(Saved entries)
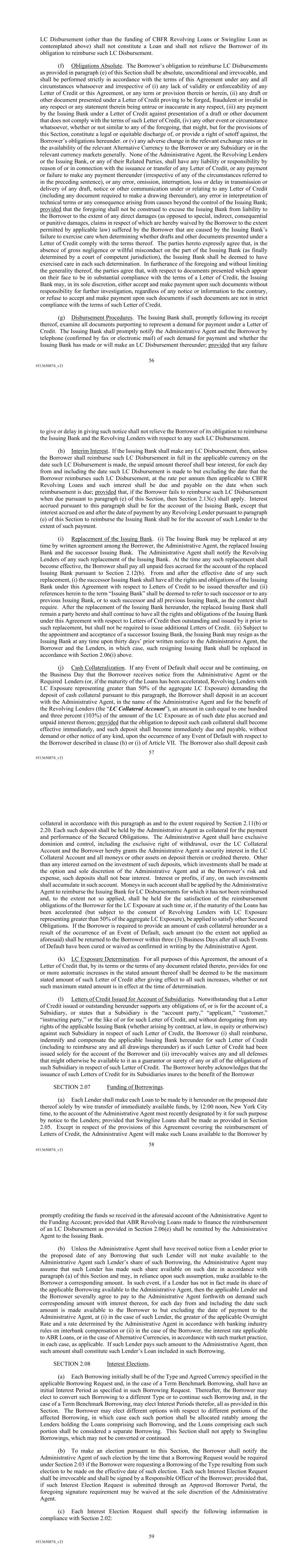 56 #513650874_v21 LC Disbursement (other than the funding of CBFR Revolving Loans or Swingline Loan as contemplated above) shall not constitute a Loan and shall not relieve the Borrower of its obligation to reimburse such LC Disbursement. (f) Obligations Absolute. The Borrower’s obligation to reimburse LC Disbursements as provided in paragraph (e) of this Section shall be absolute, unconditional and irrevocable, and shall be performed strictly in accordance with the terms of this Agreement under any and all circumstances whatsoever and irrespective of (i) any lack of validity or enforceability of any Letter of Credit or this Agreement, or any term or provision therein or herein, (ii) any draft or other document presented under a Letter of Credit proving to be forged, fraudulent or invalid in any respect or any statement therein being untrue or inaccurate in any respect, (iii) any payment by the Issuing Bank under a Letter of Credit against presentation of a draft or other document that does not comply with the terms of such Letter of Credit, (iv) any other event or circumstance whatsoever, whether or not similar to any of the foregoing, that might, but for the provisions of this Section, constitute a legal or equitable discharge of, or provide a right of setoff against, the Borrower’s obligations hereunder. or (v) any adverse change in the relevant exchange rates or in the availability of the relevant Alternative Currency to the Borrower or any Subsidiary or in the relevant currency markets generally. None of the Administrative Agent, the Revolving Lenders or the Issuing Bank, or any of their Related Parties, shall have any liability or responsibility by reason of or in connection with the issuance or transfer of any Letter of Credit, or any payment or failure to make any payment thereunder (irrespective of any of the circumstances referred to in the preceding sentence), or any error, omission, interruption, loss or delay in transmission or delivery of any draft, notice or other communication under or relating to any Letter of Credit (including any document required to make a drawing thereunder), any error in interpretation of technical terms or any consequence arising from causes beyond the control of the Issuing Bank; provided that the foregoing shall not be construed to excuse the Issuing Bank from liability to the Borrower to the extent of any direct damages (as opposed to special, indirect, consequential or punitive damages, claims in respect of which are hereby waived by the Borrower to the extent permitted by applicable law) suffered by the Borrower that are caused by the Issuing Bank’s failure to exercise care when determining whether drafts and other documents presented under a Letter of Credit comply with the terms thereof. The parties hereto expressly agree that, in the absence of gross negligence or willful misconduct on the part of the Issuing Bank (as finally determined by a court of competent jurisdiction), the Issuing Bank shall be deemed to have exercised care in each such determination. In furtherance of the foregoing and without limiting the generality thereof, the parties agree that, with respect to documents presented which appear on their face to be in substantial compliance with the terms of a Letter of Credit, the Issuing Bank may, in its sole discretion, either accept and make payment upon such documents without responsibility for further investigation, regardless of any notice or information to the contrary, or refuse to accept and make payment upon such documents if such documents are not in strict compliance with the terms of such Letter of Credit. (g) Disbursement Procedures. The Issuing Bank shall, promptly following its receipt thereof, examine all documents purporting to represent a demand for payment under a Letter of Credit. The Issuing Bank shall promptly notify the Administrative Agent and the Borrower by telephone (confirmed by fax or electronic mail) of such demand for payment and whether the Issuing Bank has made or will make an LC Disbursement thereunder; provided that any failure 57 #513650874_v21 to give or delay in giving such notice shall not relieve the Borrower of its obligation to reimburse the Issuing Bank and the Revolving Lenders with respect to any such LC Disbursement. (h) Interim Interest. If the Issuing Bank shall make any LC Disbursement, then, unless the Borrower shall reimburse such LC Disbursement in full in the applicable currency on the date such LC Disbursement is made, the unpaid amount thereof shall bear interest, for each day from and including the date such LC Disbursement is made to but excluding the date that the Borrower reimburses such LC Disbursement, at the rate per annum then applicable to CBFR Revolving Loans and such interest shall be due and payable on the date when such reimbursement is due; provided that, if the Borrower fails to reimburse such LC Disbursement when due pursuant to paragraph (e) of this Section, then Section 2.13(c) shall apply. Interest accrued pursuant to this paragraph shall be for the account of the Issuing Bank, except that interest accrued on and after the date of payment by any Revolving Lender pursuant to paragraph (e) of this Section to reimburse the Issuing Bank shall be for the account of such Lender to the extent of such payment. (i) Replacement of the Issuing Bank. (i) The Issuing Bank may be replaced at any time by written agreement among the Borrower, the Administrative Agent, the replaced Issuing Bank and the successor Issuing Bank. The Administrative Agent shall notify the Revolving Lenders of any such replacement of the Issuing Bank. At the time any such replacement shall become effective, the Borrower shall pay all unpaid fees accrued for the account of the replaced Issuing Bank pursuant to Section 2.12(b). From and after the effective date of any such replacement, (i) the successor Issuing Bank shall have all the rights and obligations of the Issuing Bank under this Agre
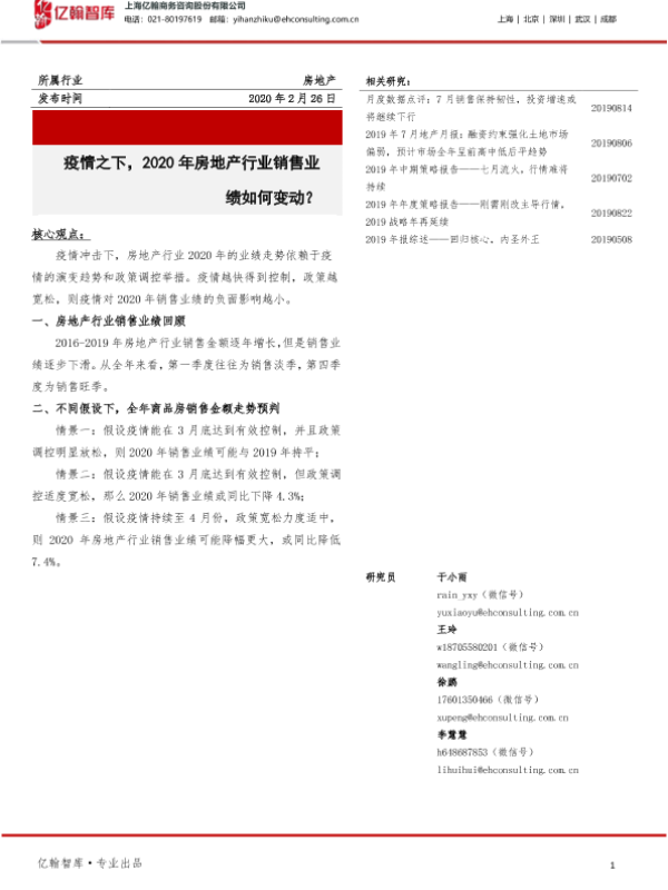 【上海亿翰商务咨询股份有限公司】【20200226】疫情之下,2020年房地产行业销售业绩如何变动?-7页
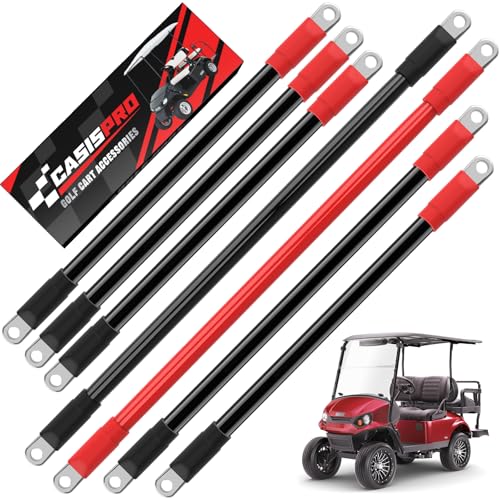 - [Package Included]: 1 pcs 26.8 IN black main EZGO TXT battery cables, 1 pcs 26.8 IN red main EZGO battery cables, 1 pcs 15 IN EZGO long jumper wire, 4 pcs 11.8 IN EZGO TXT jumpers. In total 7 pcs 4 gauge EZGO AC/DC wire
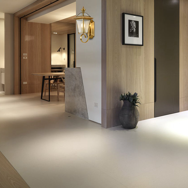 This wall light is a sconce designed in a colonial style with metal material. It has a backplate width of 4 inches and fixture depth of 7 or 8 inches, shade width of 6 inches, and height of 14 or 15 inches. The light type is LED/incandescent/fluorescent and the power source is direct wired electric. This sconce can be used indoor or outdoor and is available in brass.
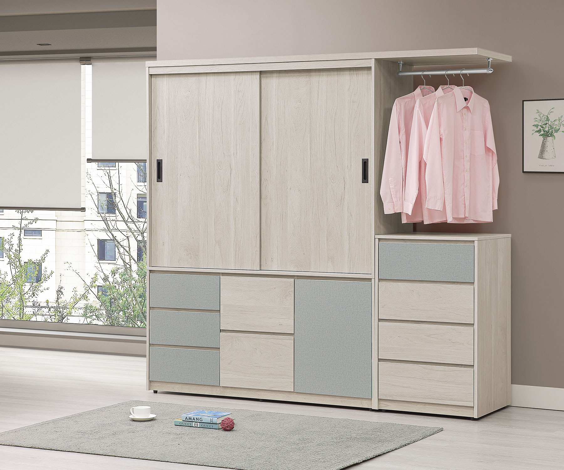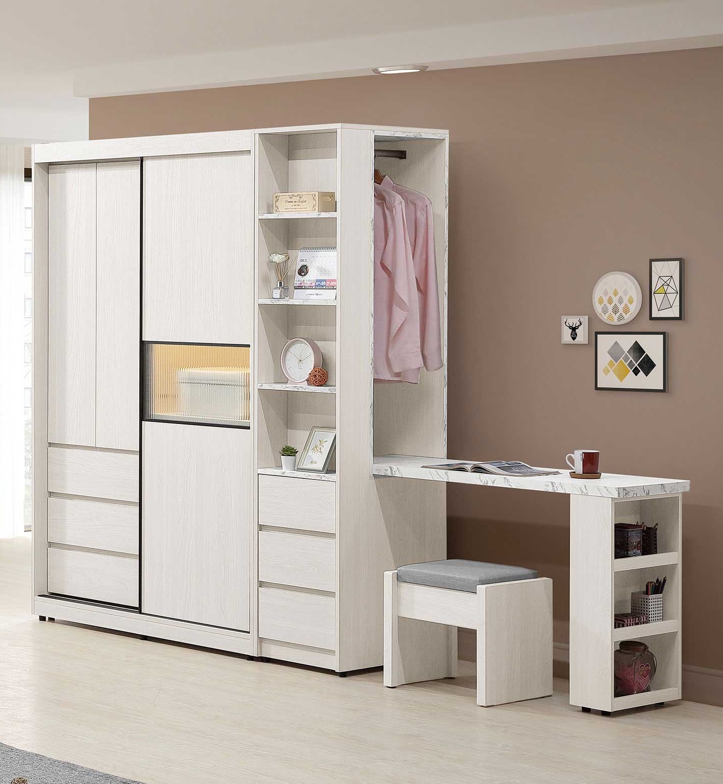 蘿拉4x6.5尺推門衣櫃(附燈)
==
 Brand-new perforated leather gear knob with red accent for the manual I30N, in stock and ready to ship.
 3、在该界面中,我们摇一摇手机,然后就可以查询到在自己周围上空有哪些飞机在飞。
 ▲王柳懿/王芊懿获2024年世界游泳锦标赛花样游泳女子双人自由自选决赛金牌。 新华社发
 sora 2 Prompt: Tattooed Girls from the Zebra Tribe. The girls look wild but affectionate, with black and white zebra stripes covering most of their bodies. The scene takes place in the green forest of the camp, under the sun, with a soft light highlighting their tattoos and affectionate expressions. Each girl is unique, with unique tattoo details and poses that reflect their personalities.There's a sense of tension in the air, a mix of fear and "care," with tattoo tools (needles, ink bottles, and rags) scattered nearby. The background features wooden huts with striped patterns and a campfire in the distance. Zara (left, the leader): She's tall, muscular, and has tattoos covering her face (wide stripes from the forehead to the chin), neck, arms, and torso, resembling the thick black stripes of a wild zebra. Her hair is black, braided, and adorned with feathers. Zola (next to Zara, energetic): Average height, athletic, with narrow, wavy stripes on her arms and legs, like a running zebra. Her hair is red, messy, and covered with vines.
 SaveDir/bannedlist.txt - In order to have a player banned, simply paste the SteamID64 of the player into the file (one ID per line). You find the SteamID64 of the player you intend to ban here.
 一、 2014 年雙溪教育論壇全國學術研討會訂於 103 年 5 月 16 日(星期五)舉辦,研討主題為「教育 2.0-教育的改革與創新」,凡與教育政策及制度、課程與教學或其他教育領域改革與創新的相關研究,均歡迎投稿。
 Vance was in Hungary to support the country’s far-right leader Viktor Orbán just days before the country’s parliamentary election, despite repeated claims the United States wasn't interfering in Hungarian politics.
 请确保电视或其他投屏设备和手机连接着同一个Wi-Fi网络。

- [WORK REQUEST]: Find all the lines with "leader" in the data and copy them.

- [EXERCISE ANSWER]:
 sora 2 Prompt: Tattooed Girls from the Zebra Tribe. The girls look wild but affectionate, with black and white zebra stripes covering most of their bodies. The scene takes place in the green forest of the camp, under the sun, with a soft light highlighting their tattoos and affectionate expressions. Each girl is unique, with unique tattoo details and poses that reflect their personalities.There's a sense of tension in the air, a mix of fear and "care," with tattoo tools (needles, ink bottles, and rags) scattered nearby. The background features wooden huts with striped patterns and a campfire in the distance. Zara (left, the leader): She's tall, muscular, and has tattoos covering her face (wide stripes from the forehead to the chin), neck, arms, and torso, resembling the thick black stripes of a wild zebra. Her hair is black, braided, and adorned with feathers. Zola (next to Zara, energetic): Average height, athletic, with narrow, wavy stripes on her arms and legs, like a running zebra. Her hair is red, messy, and covered with vines.
 Vance was in Hungary to support the country’s far-right leader Viktor Orbán just days before the country’s parliamentary election, despite repeated claims the United States wasn't interfering in Hungarian politics.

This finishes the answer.